I do notice that since eliminating salt in all my tanks, Ich became a thing of distant memory. I even began buying ich ridden fish without concern as I knew I could fix em up... now, this may be the attention to water cleanliness that came at the same time I phased out salt. Funny how an Ich treatment could be suspect as a contributor to Ich, but as I say... it's all anecdotal so I usually keep it to myself.

Regarding mineral salts... I noticed a very general trend towards lower numbers of fry and more culls when I used to play with water chemistry. I never tracked results, nor ran tests, so again... not fact, just hunches.

Now, when I stopped mucking with water chemistry completely and focused solely on clean water, colors eventually far outpaced color with salt and salts, fry were healthier and larger broods, and I was a happier fishkeeper.

No more buffers nor KH measuring, mineral salts gone, pH tweaking- ancient history. Never looked back... pH of 7.6, GH of whatever came out of the tap (8 to 12 usually) and a KH of around 8 seemed fine... fish never seemed to mind minor fluctuations in GH, KH and pH either. 
They didn't even seem to blink at major change either, but that's a whole other topic.

and I'll restate, simply to make sure that none of the above is taken as advice or "fact"... this is all just my gut over a span of 20 yrs and the evolution I took from newbie to tweaker to KISS.


----------



## Lister (Feb 18, 2009)

Interesting point on the coloration being due to "irritation". I wish there were a way to really know if this was true on any level. Never thought about it that way though.
My tap comes at about 8.2 and pretty hard as well. But I used to notice a quick drop in Ph a few days after a water change. That's why I use the buffers. 
But I'm going to try your idea in one of my tanks. I'm going to eliminate the salt, buffers, etc and see what happens. Would be nice if there was no difference because it would be cheaper too. I honestly haven't ever "just used tap", but I see where you're coming from and I want to try this. I'll just have to watch my Ph though. I too have not seen any major negative impacts on a Ph flucuation here and there. I always get them with a water change, but the fish never seemed to mind. (Freshwater at least). My water paranoia is probably costing me money lol.
I do keep several socks of crushed coral in my sump as this seems to greatly help stabilize the Ph around 8.2. I'm going to lay off the buffers and such and just see what happens.

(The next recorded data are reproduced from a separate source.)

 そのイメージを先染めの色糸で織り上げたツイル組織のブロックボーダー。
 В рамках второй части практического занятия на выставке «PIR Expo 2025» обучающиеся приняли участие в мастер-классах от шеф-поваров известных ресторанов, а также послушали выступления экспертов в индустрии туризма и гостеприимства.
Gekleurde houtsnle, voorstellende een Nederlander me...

If nothing else then it's something new to try.


----------



## Wiley (Jan 19, 2009)

intense


----------



## Number6 (Mar 13, 2003)

Lister said:


> Interesting point on the coloration being due to "irritation". I wish there were a way to really know if this was true on any level.


 Agree



Lister said:


> But I used to notice a quick drop in Ph a few days after a water change. That's why I use the buffers.

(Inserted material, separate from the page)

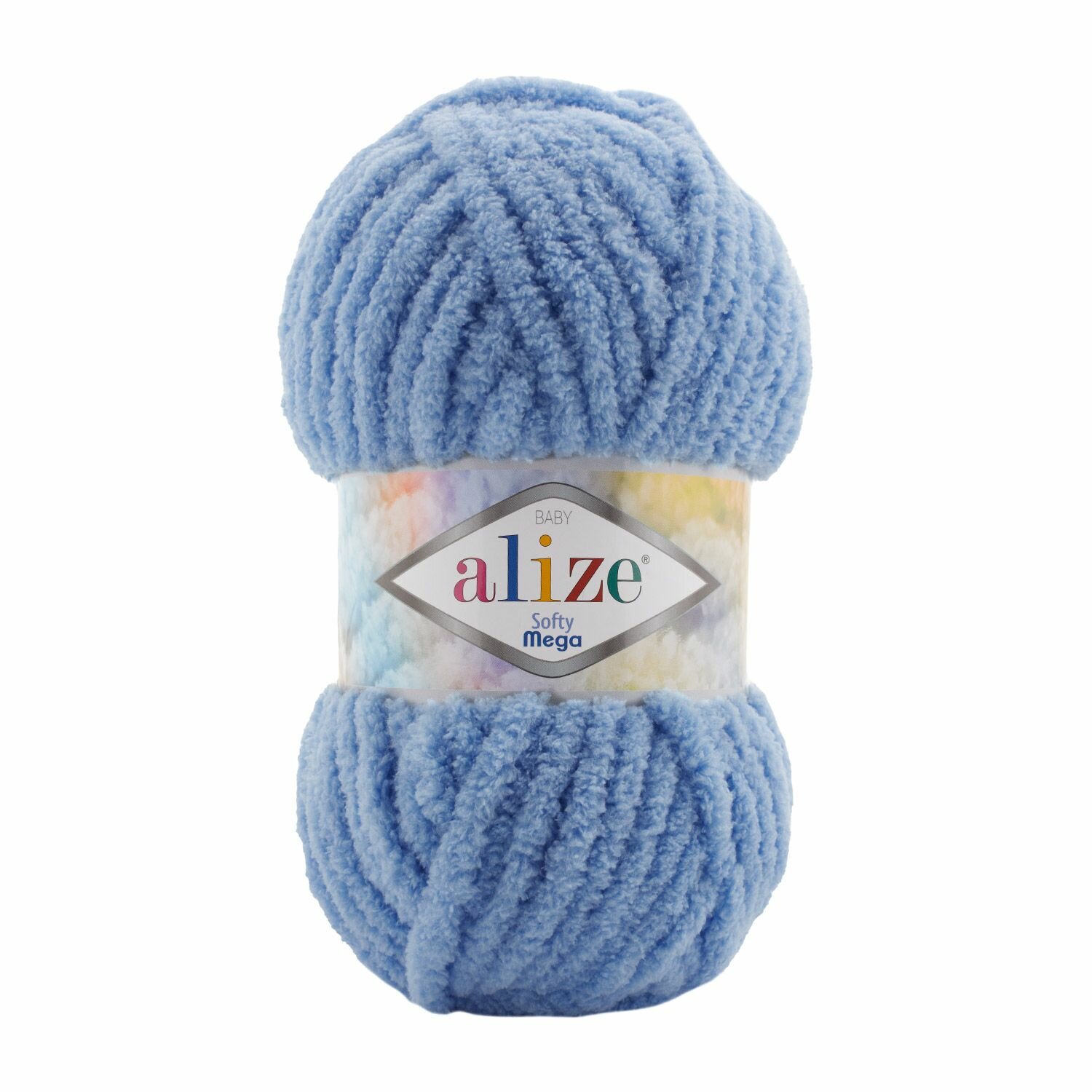 Пряжа Softy mega, Alize, голубой меланж - 374, 100% микрополиэстер, 5 мотков, 100 г, 70 м.

 makes sense... but, it's amazing how we all (myself included) do certain things assuming X without ever checking into X in any detail. E.g. why does your pH drop?

Would adding the water slowly through crushed coral eliminate?



Lister said:


> I honestly haven't ever "just used tap", but I see where you're coming from and I want to try this.


 I met a friend (Grey Legion) who just adds tap water and never changes enough for even chlorine to bother his fish... it was enough to make me rethink some rather "locked in" thinking. Now some folks absolutely would have to add to their tap water once they had discovered that their tap was outside of the range of tolerance for Rift lake cichlids, but it's amazing how many people just assume that they are in this group or that without ever checking into reality. Myself included back in the day and likely even now!

Wiley, glad it's been both entertaining and helpful!


----------



## Lister (Feb 18, 2009)

I really have no idea why my Ph drops. I've been here around 10 years and it's always been that way. It's just weird because the Ph is so high and the hardness is around 8 and it still just tumbles. Honestly it really was only a major issue with marine tanks because Ph stability meant life or death. But I do have crushed coral in my wet/dry in my 150 Gal tang tank. This seems to do wonders for stability, but I've never tried eliminating the buffer to be totally sure. It just seems to hold better. This is the tank I'm going to experiment with. I think if I really stuck to a weekly water change it might not make a big impact. We'll see at least. I always like to experiment with things. But like you said, I too sometimes get caught up in the "do it this way becaue that's how I've always done it" mentality. I think everyone does, it's too easy because everything becomes routine. I'm a bit old school on many things. Which is good and bad at times lol.
I also new a guy a few years back that had a 75 gallon with a DIY undergravel system. (Not a cichlid tank). And he swore against water changes. He had this tank set up for over 12 years without a single change, just evap adding. (At least he said, I wasn't there for the whole 12 years). Anyway, the tank did very well, I think he had angels and some monster loaches in there. But to me the gravel was nasty dirty lol. But to each his own I guess...


----------